In this study, uniform polyploid was generally observed before the first cleavage division, eliminating the possibility of a mitotic error. The uniform triploidy may either be digynic in origin (due to retention of the second polar body) or a cause of dispermy (where two sperm fertilize the oocyte) [29, 30]. Consistent with our data, Santalo reported that 54.4% of in-vivo triploids and 63.2% of the in -vitro triploids are dispermic in origin. Thus, the uniform triploidy in embryos developing from fertilized 3PN oocytes, is likely due to dispermic fertilization. Meanwhile, the uniform triploidy observed in embryos derived from fertilized 2PN oocytes is likely due to digynic mechanisms.
In humans, dispermic zygotes are characterized by this triploid cytogenetic phenomenon. Sperm provide the centrioles and centrosome which regulate syngamy and the first zygotic division . When an extra sperm is introduced into oocyte two pairs of active centrioles form within the ovum, resulting in a tripolar spindle and inevitable production of chaotic chromosome distribution and gross aneuploidy . However, mice and other rodents differ from humans in that the functional centrosome is maternally derived. Our results indicate the primary triploidy was relatively stable throughout embryo stages, even at the eight-cell stage when they all displayed uniform triploidy.

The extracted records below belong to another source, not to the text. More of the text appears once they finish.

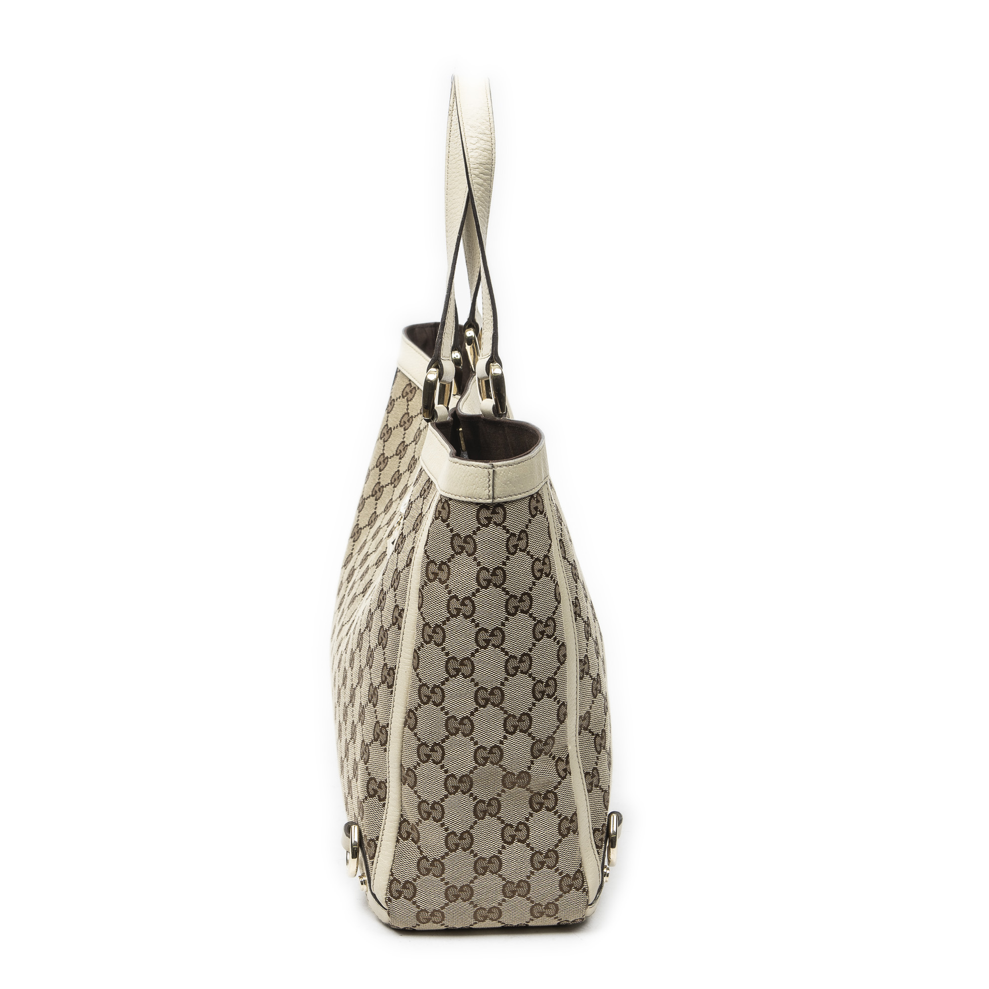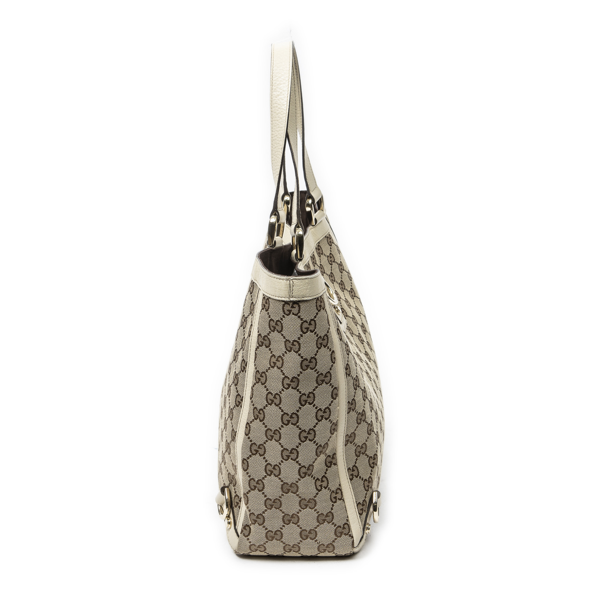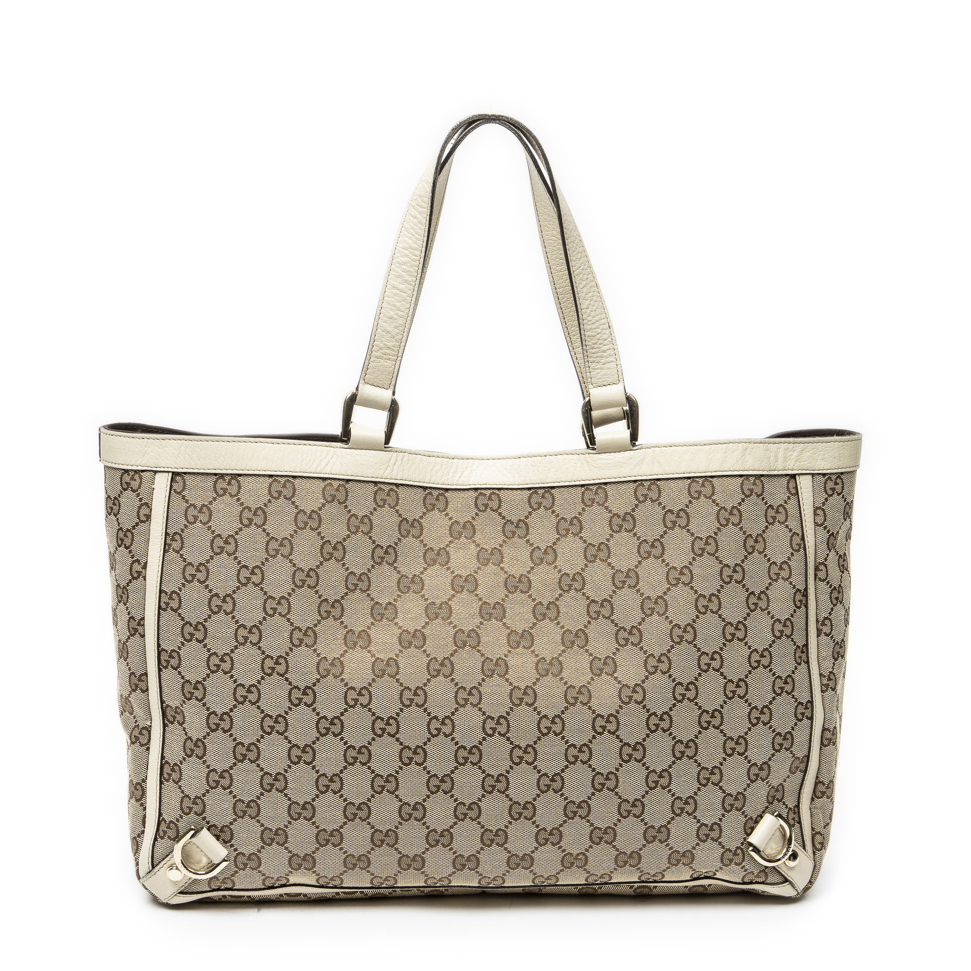 Gucci Shoulder Bag Large Abbey D-Ring Tote in Ivory/Beige Monogrammed Canvas and Silver hardware. The product is in Excellent Condition (A).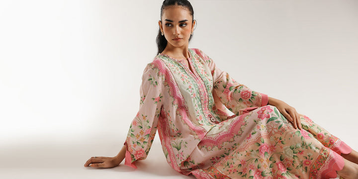 This breathtaking suit is a true work of art, featuring a stunning jacquard fabric with zari work that shimmers with a touch of gold. The shirt showcases a magnificent blend of intricate patterns and a rich color palette. The bodice and sleeves are adorned with a bold, geometric design in pink, and green, while the lower half of the dress bursts with a beautiful floral print in shades of pink, and beige. The cuffs and hem are finished with a delicate scalloped pink trim, adding an elegant detail. This piece effortlessly combines traditional craftsmanship with a majestic design, making it a perfect choice for a grand celebration. Paired with a matching culotte trouser.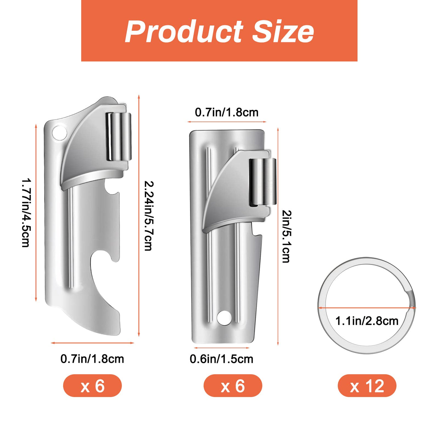 - Q: How many can openers are included in the package? A: Each package includes 12 can openers and 12 key rings.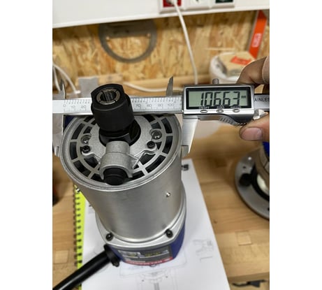Отличный мощный фрезер. В руководстве по эксплуатации дан диаметр барабана электродвигателя 105 мм, реальный диаметр - 106,6 мм.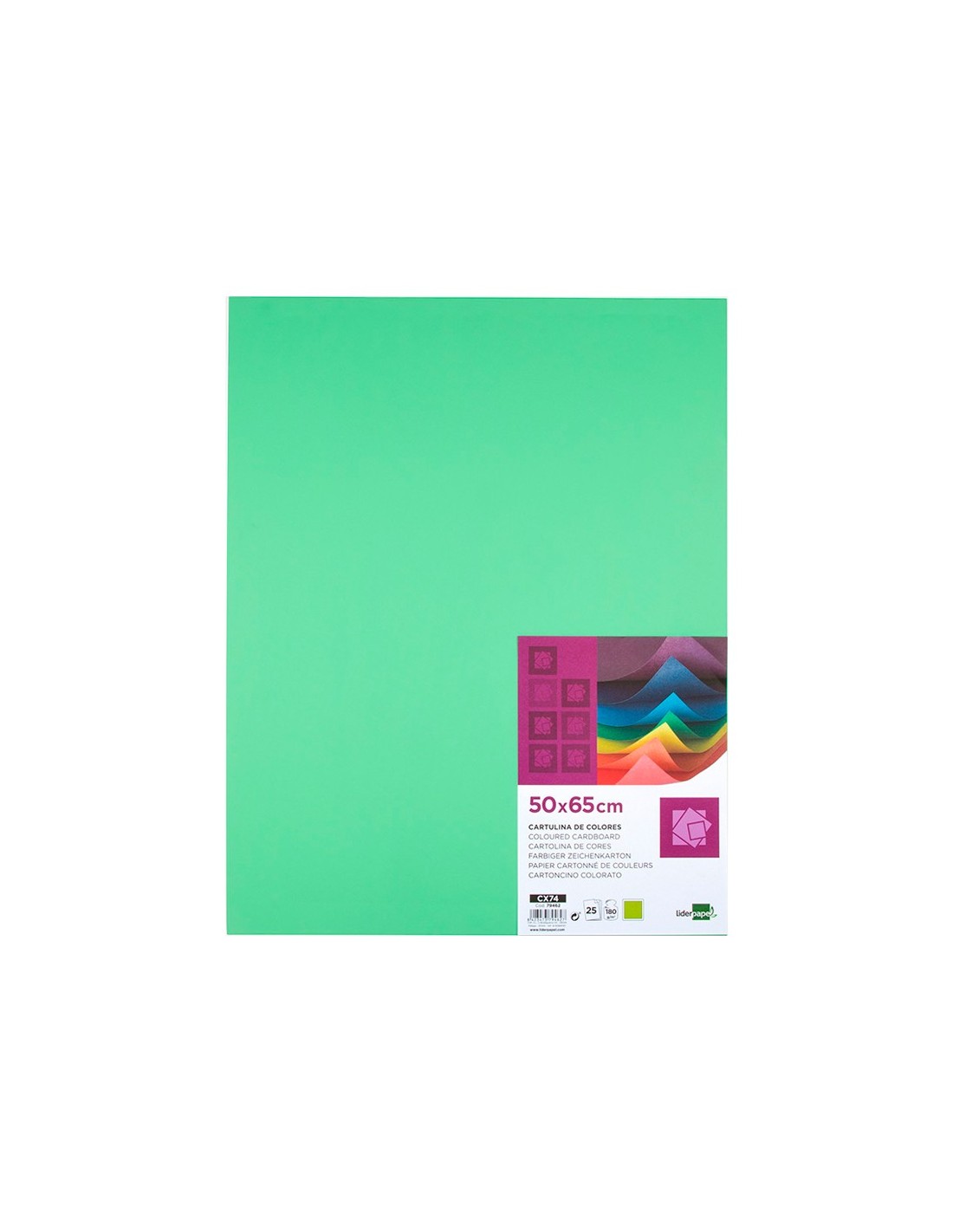 CARTULINA LIDERPAPEL 50X65 CM 180G/M2 VERDE PISTACHO PAQUETE DE 25

We also observed a total of four 2PN zygotes that developed to uniform triploid embryos and one 3PN zygote that developed to a uniform tetraploid embryo. Each of these was generated during the same IVF cycle, using the same semen sample and insemination concentration. A reasonable hypothesis is that these polyploid embryos likely originated due to a meiotic error directly from the gametes themselves.

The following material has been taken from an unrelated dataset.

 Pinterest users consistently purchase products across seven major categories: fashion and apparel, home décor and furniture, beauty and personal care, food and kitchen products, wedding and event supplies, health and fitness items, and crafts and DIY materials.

Conversely, a relatively large proportion (22%) of 3PN zygotes developed to diploid embryos. Postzygotic diploidization of triploids was also described by Grossmann et al. who reported a significant proportion (36%) of 3PN ICSI-derived zygotes that were actually diploid with respect to chromosome number . These results are also consistent with Macas et al.  who reported a 32% incidence of postzygotic diploidization of triploids. Postzygotic diploidization of triploids may arise from the abnormal distribution of the maternal chromosomes into two separate sets after extrusion of the first PB .
The data demonstrate in-vitro preantral follicle culture has the capacity to generate efficient yields of nuclear mature oocytes capable of in-vitro fertilization and subsequent embryo development. However, these oocytes exhibit impaired developmental competence versus those matured in-vivo. This conclusion is evidenced by reduced fertilization, cleavage and morula/blastocyst formation rates observed in the in-vitro group. Thus, while gross nuclear maturation is achieved at normal rates, cytoplasmic maturity and the acquisition of various factors involved in the developmental potential of these oocytes may be compromised in the in-vitro culture environment. Future studies, including expression profiling, are needed to elucidate the defective mechanisms and precise cellular products affected by the in-vitro culture of preantral follicles. Additionally, the data suggest in-vitro culture results in significant increases in oocyte aneuploidy rates, suggesting early stage follicle culture may render the oocyte susceptible to disruption in chromosome cohesion, kinetechore function, spindle assembly, or other events that contribute to proper chromosome segregation.
Capsule Impaired developmental capacity and errors in proper chromosome segregation are observed in mouse oocytes generated from in-vitro preantral follicle culture versus those developed in-vivo.